Work to complete.
Would you retype the whole listing verbatim, keeping pictures out of it?
------ Information shown
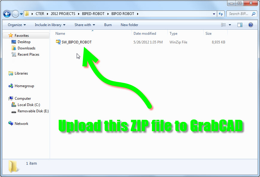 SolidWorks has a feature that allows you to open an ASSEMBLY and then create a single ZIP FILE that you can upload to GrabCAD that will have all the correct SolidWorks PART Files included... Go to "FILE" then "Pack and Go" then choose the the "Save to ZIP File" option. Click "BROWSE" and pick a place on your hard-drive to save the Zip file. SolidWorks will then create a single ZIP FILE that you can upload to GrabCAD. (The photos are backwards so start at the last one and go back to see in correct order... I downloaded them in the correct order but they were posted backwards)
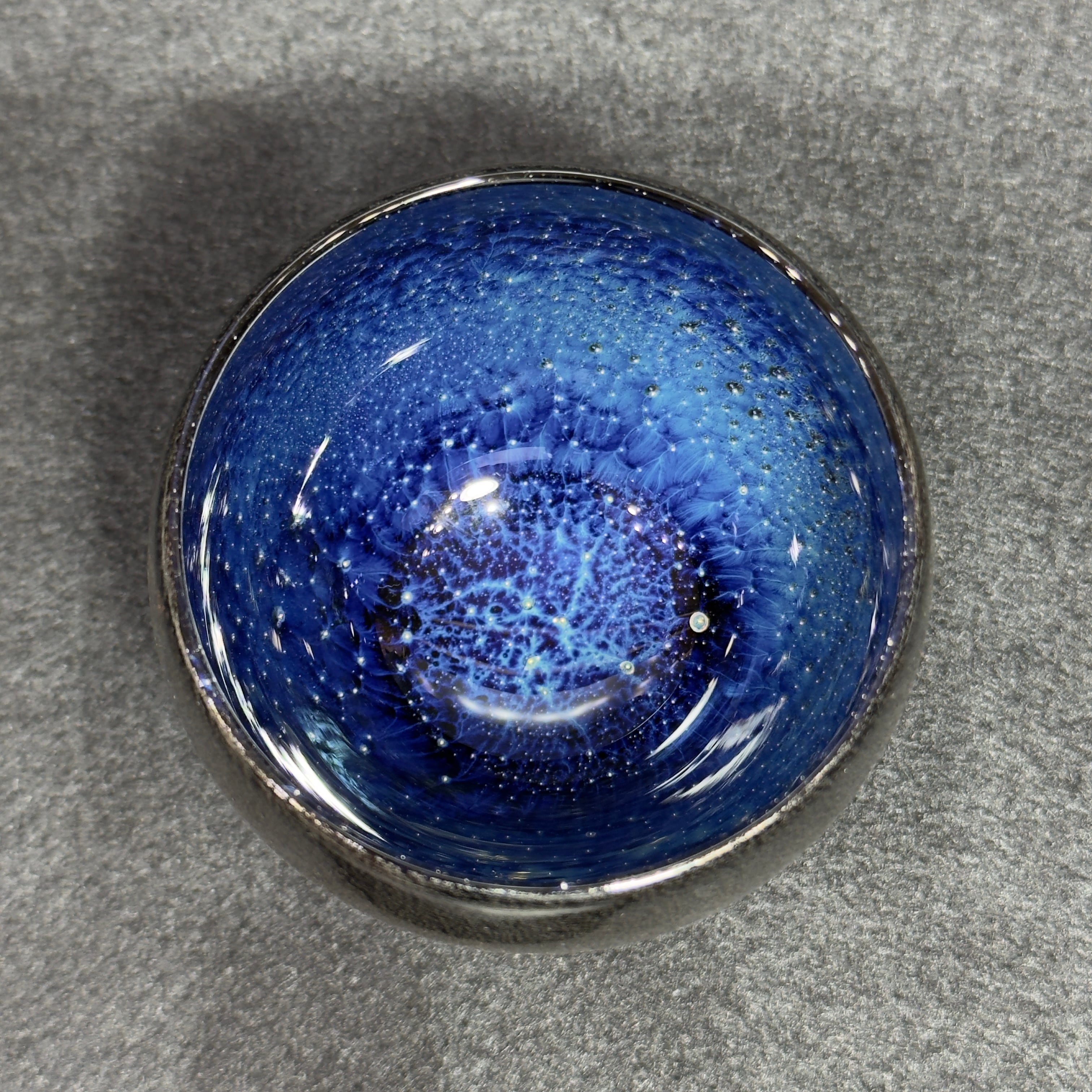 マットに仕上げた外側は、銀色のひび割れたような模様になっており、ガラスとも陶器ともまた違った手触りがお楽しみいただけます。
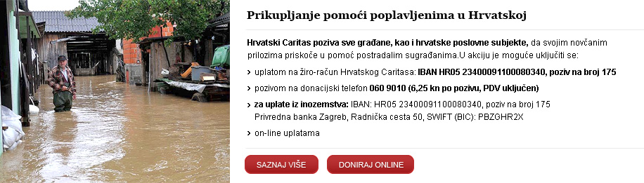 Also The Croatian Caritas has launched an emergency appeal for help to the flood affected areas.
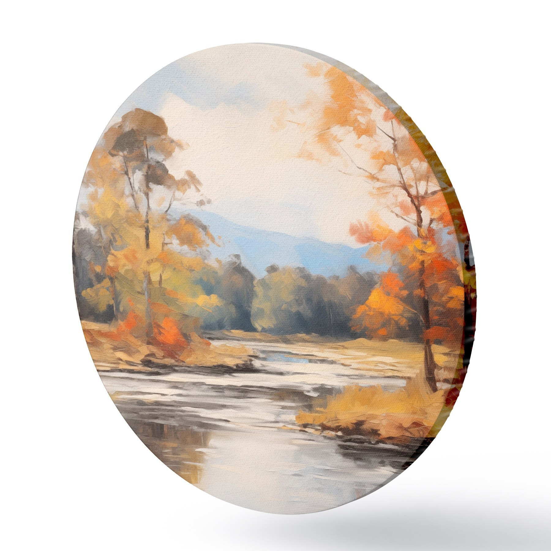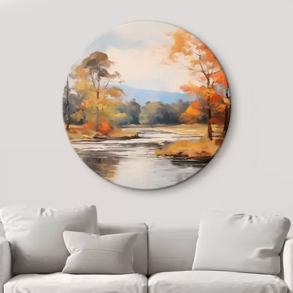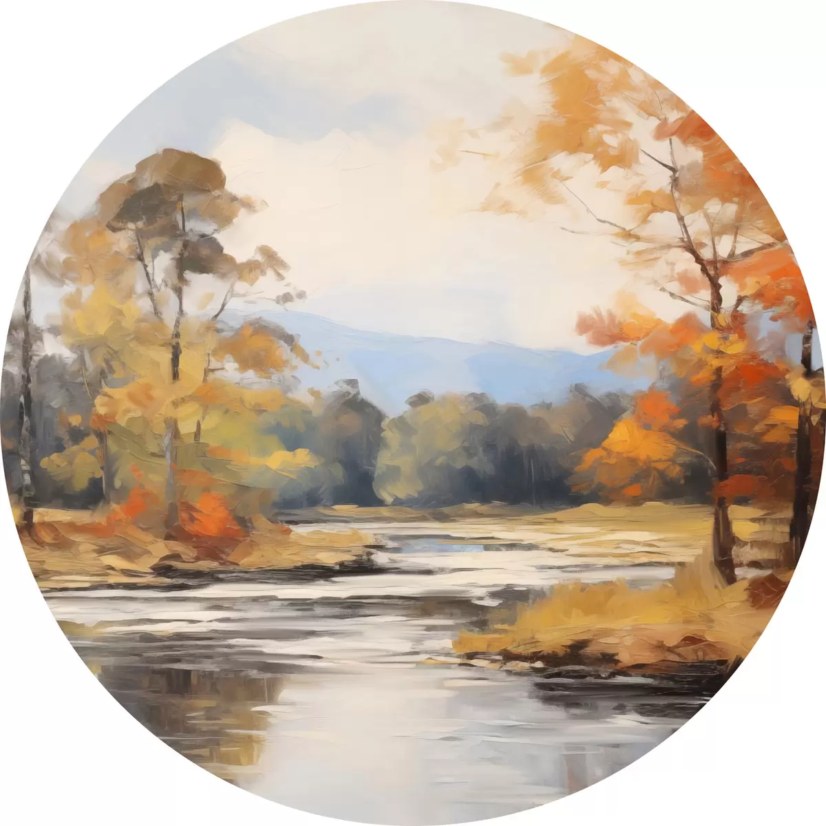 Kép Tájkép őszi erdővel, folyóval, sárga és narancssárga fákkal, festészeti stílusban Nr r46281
------------
Result of this exercise.
 SolidWorks has a feature that allows you to open an ASSEMBLY and then create a single ZIP FILE that you can upload to GrabCAD that will have all the correct SolidWorks PART Files included... Go to "FILE" then "Pack and Go" then choose the the "Save to ZIP File" option. Click "BROWSE" and pick a place on your hard-drive to save the Zip file. SolidWorks will then create a single ZIP FILE that you can upload to GrabCAD. (The photos are backwards so start at the last one and go back to see in correct order... I downloaded them in the correct order but they were posted backwards)
 マットに仕上げた外側は、銀色のひび割れたような模様になっており、ガラスとも陶器ともまた違った手触りがお楽しみいただけます。
 Also The Croatian Caritas has launched an emergency appeal for help to the flood affected areas.
 Kép Tájkép őszi erdővel, folyóval, sárga és narancssárga fákkal, festészeti stílusban Nr r46281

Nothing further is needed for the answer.